Lei spesso si lamenta di come alcuni autori vengano massacrati da direttori e cantanti…
«Giuseppe Verdi è quello che ne soffre di più. Soprattutto i titoli popolari comeRigoletto, Trovatore, Traviata. Quanto male gli è stato fatto e si continua a fargli: ne patisce il musicista ma specialmente l’uomo di teatro, psicologo sottilissimo che andrebbe indagato con la stessa concentrazione con cui ci si accosta a Mozart, Wagner, Richard Strauss».

Ma opera italiana non va ritenuta soltanto quella nata e cresciuta in Italia, vero?
«Certo che no. La sua evoluzione non si limita al nostro Paese. Perché Paisiello e Cimarosa hanno lavorato alla corte di Caterina di Russia, Mercadante a Madrid, Cherubini a Parigi, Salieri ha dominato Vienna, Spontini è stato il sovrano di Berlino. E Rossini conquistò l’Europa, facendo indispettire Beethoven quando divenne di moda tre i viennesi».

Ma possiamo dire italiani anche compositori che tali non sarebbero per l’anagrafe?
«Naturalmente. Basti prendere Mozart, che conosceva alla perfezione la nostra lingua. Lo dimostra l’impeccabilità dei suoi recitativi, da cui prende origine, poi, il modo in cui Verdi scolpisce la parola. Perciò dobbiamo considerare Mozart italiano per metà, tanto era impregnato della nostra cultura. Mi piace rammentare che durante uno dei suoi viaggi confessava al padre di non veder l’ora di arrivare a Napoli, capitale della musica europea nel Settecento. Anche perché, diceva, un’esibizione a Napoli ne vale più di duecento in Germania. Sebbene paghino poco, sottolineava».

Per questo nel concerto “italiano” che la settimana prossima dirigerà a Vienna ha messo anche Mozart?
«Sì, inserito fra composizioni di Catalani, Busoni e di uno Schubert ragazzo che imita Rossini. A suonare è la mia Orchestra Cherubini, un complesso giovanile al ventesimo anno d’attività che fa onore all’Italia».

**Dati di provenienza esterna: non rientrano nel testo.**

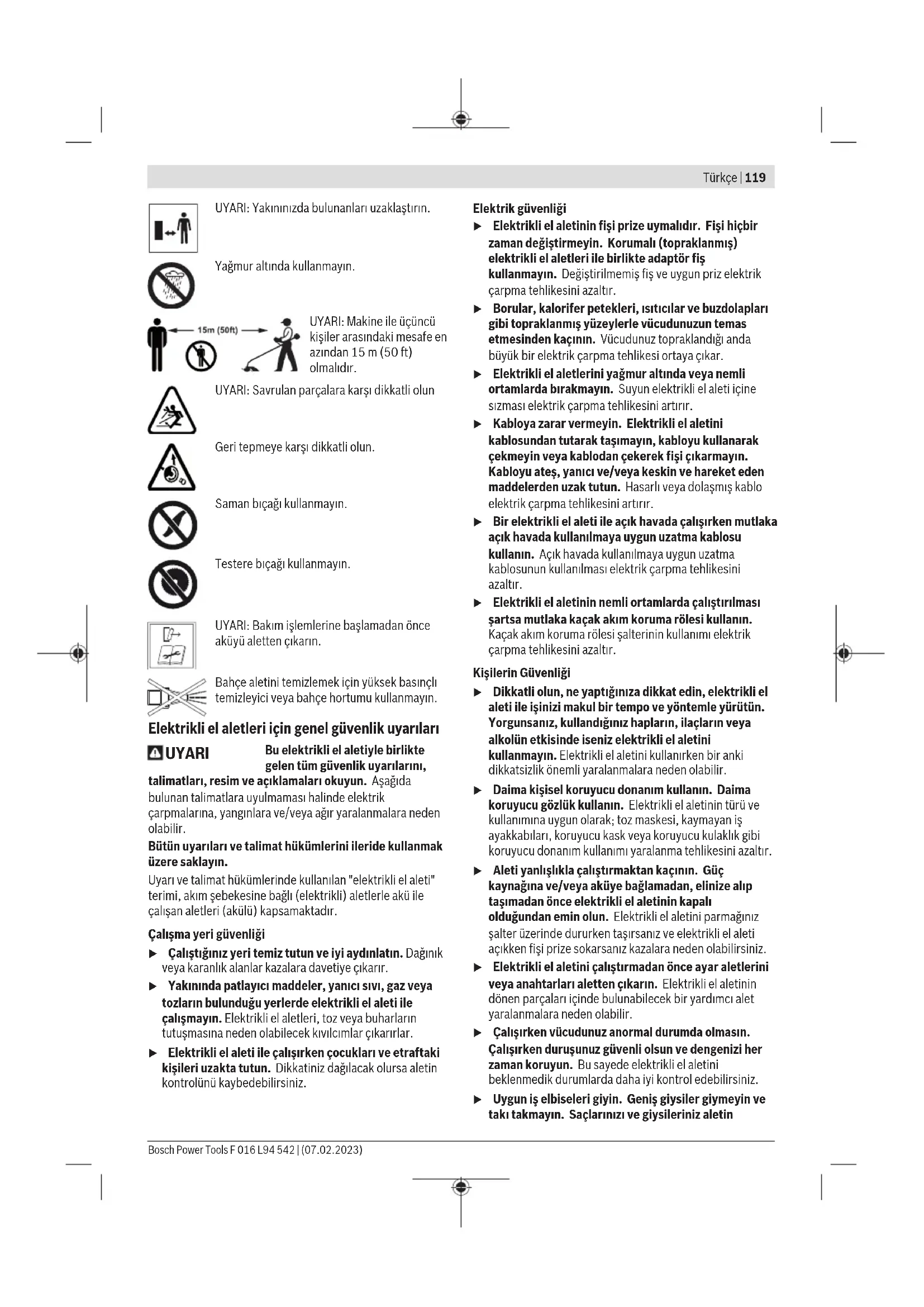 Τα μηχανήματα κήπου, οι μπαταρίες, τα εξαρτή- ματα και οι συσκευασίες πρέπει να ανακυκλώνο- νται με τρόπο φιλικό προς το περιβάλλον. Μη ρίχνετε τα ηλιακά φωτιστικά και τις μπαταρίες στα οικιακά απορρίμματα! Μόνο για χώρες τηςΕΕ: Σύμφωνα με την Ευρωπαϊκή Οδηγία 2012/19/EE, τα άχρηστα ηλεκτρικά εργαλεία, καθώς και σύμφωνα με την Κοινοτική Οδηγία 2006/66/EΚ, οι χαλασμένες ή αναλωμένες μπαταρίες πρέπει να συλλέγονται ξεχωριστά για να ανακυκλωθούν με τρόπο φιλικό προς το περιβάλλον. Σε περίπτωση μη ενδεδειγμένης απόσυρσης οι ηλεκτρικές και ηλεκτρονικές συσκευές λόγω ενδεχομένης παρουσίας επικίν- δυνων ουσιών μπορούν να έχουν επιβλαβείς επιπτώσεις στο περιβάλλον και στην ανθρώπινη υγεία. Μπαταρίες/Επαναφορτιζόμενες μπαταρίες: Li-Ion: Προσέξτε παρακαλώ τις υποδείξεις στην ενότητα Μεταφορά (βλέπε «Μεταφορά», Σελίδα118). Türkçe Güvenlik Talimatı Bahçe aleti üzerindeki sembollerin açıklaması Genel tehlike uyarısı. Kullanım kılavuzunu tam olarak okuyun. Koruyucu gözlük, kulaklık ve kask kullanın. Kaymayan iş ayakkabıları kullanın. Güvenli iş eldivenleri kullanın. F 016 L94 542 | (07.02.2023) Bosch Power ToolsTürkçe | 119 UYARI: Yakınınızda bulunanları uzaklaştırın. Yağmur altında kullanmayın. UYARI: Makine ile üçüncü kişiler arasındaki mesafe en azından 15 m (50 ft) olmalıdır. UYARI: Savrulan parçalara karşı dikkatli olun Geri tepmeye karşı dikkatli olun. Saman bıçağı kullanmayın. Testere bıçağı kullanmayın. UYARI: Bakım işlemlerine başlamadan önce aküyü aletten çıkarın. Bahçe aletini temizlemek için yüksek basınçlı temizleyici veya bahçe hortumu kullanmayın. Elektrikli el aletleri için genel güvenlik uyarıları UYARI Bu elektrikli el aletiyle birlikte gelen tüm güvenlik uyarılarını, talimatları, resim ve açıklamaları okuyun. Aşağıda bulunan talimatlara uyulmaması halinde elektrik çarpmalarına, yangınlara ve/veya ağır yaralanmalara neden olabilir. Bütün uyarıları ve talimat hükümlerini ileride kullanmak üzere saklayın. Uyarı ve talimat hükümlerinde kullanılan "elektrikli el aleti" terimi, akım şebekesine bağlı (elektrikli) aletlerle akü ile çalışan aletleri (akülü) kapsamaktadır. Çalışma yeri güvenliği u Çalıştığınız yeri temiz tutun ve iyi aydınlatın. Dağınık veya karanlık alanlar kazalara davetiye çıkarır. u Yakınında patlayıcı maddeler, yanıcı sıvı, gaz veya tozların bulunduğu yerlerde elektrikli el aleti ile çalışmayın. Elektrikli el aletleri, toz veya buharların tutuşmasına neden olabilecek kıvılcımlar çıkarırlar. u Elektrikli el aleti ile çalışırken çocukları ve etraftaki kişileri uzakta tutun. Dikkatiniz dağılacak olursa aletin kontrolünü kaybedebilirsiniz. Elektrik güvenliği u Elektrikli el aletinin fişi prize uymalıdır. Fişi hiçbir zaman değiştirmeyin. Korumalı (topraklanmış) elektrikli el aletleri ile birlikte adaptör fiş kullanmayın. Değiştirilmemiş fiş ve uygun priz elektrik çarpma tehlikesini azaltır. u Borular, kalorifer petekleri, ısıtıcılar ve buzdolapları gibi topraklanmış yüzeylerle vücudunuzun temas etmesinden kaçının. Vücudunuz topraklandığı anda büyük bir elektrik çarpma tehlikesi ortaya çıkar. u Elektrikli el aletlerini yağmur altında veya nemli ortamlarda bırakmayın. Suyun elektrikli el aleti içine sızması elektrik çarpma tehlikesini artırır. u Kabloya zarar vermeyin. Elektrikli el aletini kablosundan tutarak taşımayın, kabloyu kullanarak çekmeyin veya kablodan çekerek fişi çıkarmayın. Kabloyu ateş, yanıcı ve/veya keskin ve hareket eden maddelerden uzak tutun. Hasarlı veya dolaşmış kablo elektrik çarpma tehlikesini artırır. u Bir elektrikli el aleti ile açık havada çalışırken mutlaka açık havada kullanılmaya uygun uzatma kablosu kullanın. Açık havada kullanılmaya uygun uzatma kablosunun kullanılması elektrik çarpma tehlikesini azaltır. u Elektrikli el aletinin nemli ortamlarda çalıştırılması şartsa mutlaka kaçak akım koruma rölesi kullanın. Kaçak akım koruma rölesi şalterinin kullanımı elektrik çarpma tehlikesini azaltır. Kişilerin Güvenliği u Dikkatli olun, ne yaptığınıza dikkat edin, elektrikli el aleti ile işinizi makul bir tempo ve yöntemle yürütün. Yorgunsanız, kullandığınız hapların, ilaçların veya alkolün etkisinde iseniz elektrikli el aletini kullanmayın. Elektrikli el aletini kullanırken bir anki dikkatsizlik önemli yaralanmalara neden olabilir. u Daima kişisel koruyucu donanım kullanın. Daima koruyucu gözlük kullanın. Elektrikli el aletinin türü ve kullanımına uygun olarak; toz maskesi, kaymayan iş ayakkabıları, koruyucu kask veya koruyucu kulaklık gibi koruyucu donanım kullanımı yaralanma tehlikesini azaltır. u Aleti yanlışlıkla çalıştırmaktan kaçının. Güç kaynağına ve/veya aküye bağlamadan, elinize alıp taşımadan önce elektrikli el aletinin kapalı olduğundan emin olun. Elektrikli el aletini parmağınız şalter üzerinde dururken taşırsanız ve elektrikli el aleti açıkken fişi prize sokarsanız kazalara neden olabilirsiniz. u Elektrikli el aletini çalıştırmadan önce ayar aletlerini veya anahtarları aletten çıkarın. Elektrikli el aletinin dönen parçaları i

Il 28 giugno la attende ancora un concerto in mondovisione. Sarà a Lucca per celebrare i cent’anni dalla morte di Giacomo Puccini, compositore che però lei non ha maneggiato tanto.
«Un direttore non può non amarlo. E che nella mia carriera abbia proposto soltanto Manon, Tosca e le sue pagine sinfoniche non è segno di scarso interesse. Ma ho fatto altre scelte di repertorio, che mi hanno condotto anche alla riscoperta di figure grandissime seppur trascurate, come Cherubini, genio assoluto secondo Beethoven. Tuttavia, di Puccini, spero di poter dirige prima o poi quel capolavoro che è La fanciulla del West».